Since the passage of the 1990 Americans with Disabilities Act, the disability community has seen great progress. But people with disabilities are still vastly underrepresented in corporate America. The hardest nut to crack may be the boardroom.

People with disabilities are still nearly invisible on corporate boards and in the C-suite. Around the world, disability lags behind gender and ethnicity in board diversity considerations. In the 2023 Disability Index, a benchmark survey for disability inclusion, just 7% of 485 participating companies reported having a board member with a disability, making it difficult to track representation.

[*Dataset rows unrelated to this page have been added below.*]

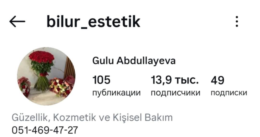 Gülbadə Abdullayevanın qanunsuz fəaliyyət göstərməsi ilə bağlı mütəmadi sosail platformalarda məlumatlar yayılmaqdadır. Yeni sosial hesablar açaraq müştərilər toplayan “Dr Gülü” Gülbadə Abdullayeva “Bilur estetic”adı fəaliyyət göstərməsi faktı aşkar olunub .
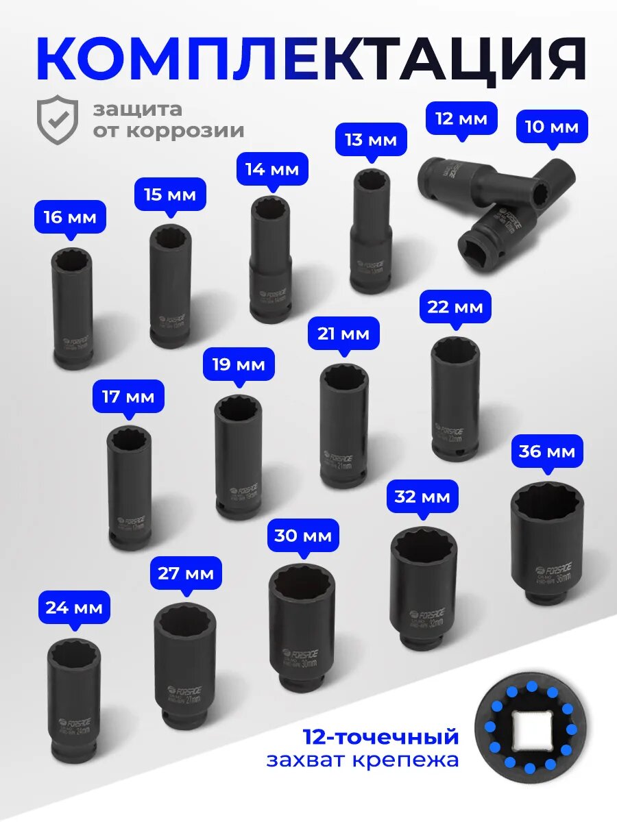 Набор головок ударных глубоких, 16ПР,12(10-19, 21, 22, 24, 27, 30, FORSAGE F41695MPB (1 шт.)
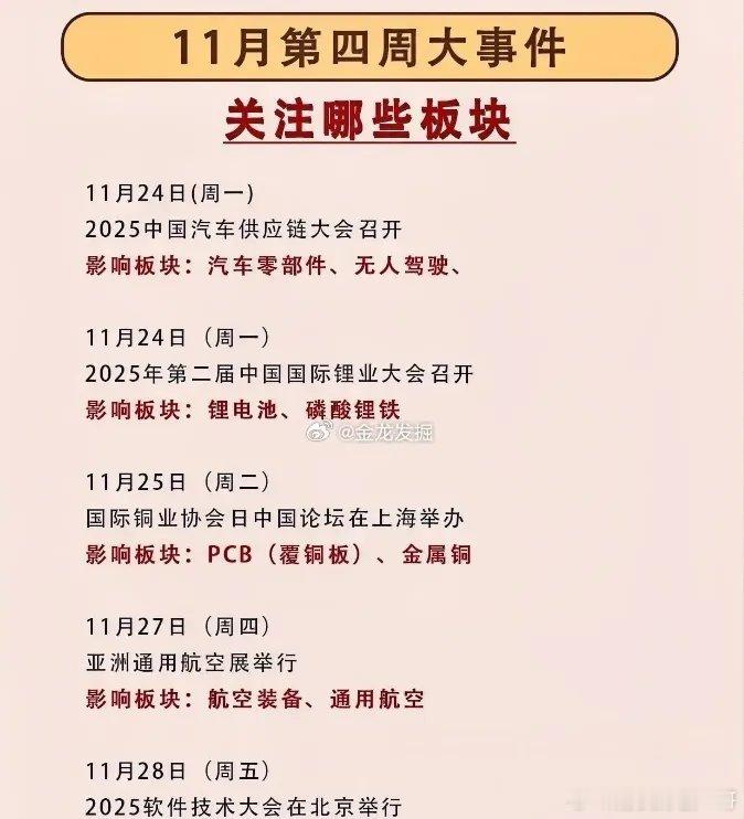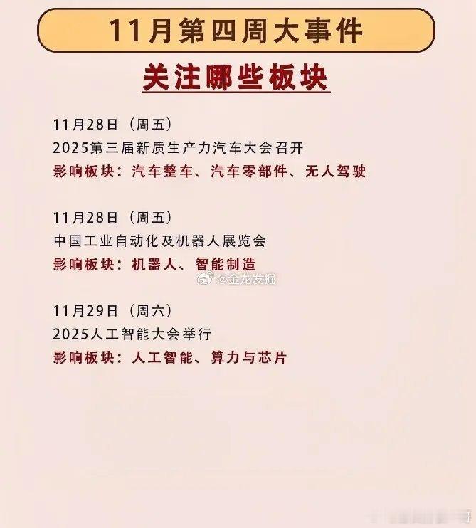 下周热点板块前瞻:聚焦六大高潜力赛道根据11月第四周(24-29日)行业重要会议及展会安排,结合新质生产力与智能化升级主线,梳理出六大具备短期催化icon潜力的板块及对应核心标的:一、汽车零部件/智能驾驶$拓普集团icon sh601689$ :智能驾驶线控底盘核心供应商,深度绑定主流车企旭升集团icon:新能源车轻量化部件领先企业,技术契合汽车轻量化趋势文灿股份:一体化压铸技术先锋,受益整车制造效率提升二、锂电池/储能$宁德时代icon sz300750$ :全球动力电池龙头,磷酸铁锂icon技术持续领先比亚迪icon:刀片电池icon技术开创者,实现电池-icon整车全链条布局亿纬锂能icon:动力与储能电池双轮驱动,技术路线多元化三、PCB/铜材$生益科技icon sh600183$ :覆铜板领域国内龙头,直接受益铜材应用拓展沪电股份icon:高端PCB领先企业,汽车电子与通信需求强劲江西铜业icon:铜产业链上游核心资源企业,行业风向标四、通用航空中航沈飞icon:军机与通航装备核心制造商,技术实力雄厚中航西飞icon:民用航空装备主力,大飞机icon制造领军企业洪都航空icon:通用航空整机及配套服务重要供应商五、机器人/工业自动化埃斯顿icon:国产工业机器人领军企业,自动化解决方案完善汇川技术icon:工业自动化控制龙头,伺服系统国内领先绿的谐波icon:机器人核心零部件专家,减速器技术突破者六、人工智能/算力科大讯飞icon:AI应用层领军企业,大模型技术持续迭代中科曙光:算力基础设施核心供应商,国产服务器主力用友网络icon:企业级软件服务龙头,AI赋能企业管理升级布局逻辑本周系列行业大会密集召开,涵盖汽车供应链、锂业、铜业、通用航空、新质生产力汽车、工业自动化及人工智能等重点领域,预计将释放产业政策与技术升级新动向。对应板块均处于产业升级核心轨道,相关龙头企业在技术积累、产能布局和市场地位方面具备明显优势,有望成为市场关注焦点。本文为公开信息整理,不构成投资建议。市场有风险,投资需谨慎。

People with disabilities bring a unique set of life-learned skills and perspectives that help boards make better decisions, which benefits both companies and their shareholders. Accenture found that when companies champion disability in the workplace, they report 28% higher revenue, 30% higher profit margin and superior shareholder returns.Last year, Nasdaq passed a board diversity ruling that included women, underrepresented minorities and LGBTQ+ people, but left out people with disabilities. This omission catalyzed the disability rights community to rally around a new approach that relies on market forces rather than regulatory action.

Disability:IN released a legal brief, facilitated by Thomson Reuters Foundation, that revealed how the London Stock Exchange and the Toronto Stock Exchange implemented board disclosure requirements to include people with disabilities for their listed companies. The report also found that many public companies are starting to monitor disability data because of market forces and increasing investor demand for measures of social impact.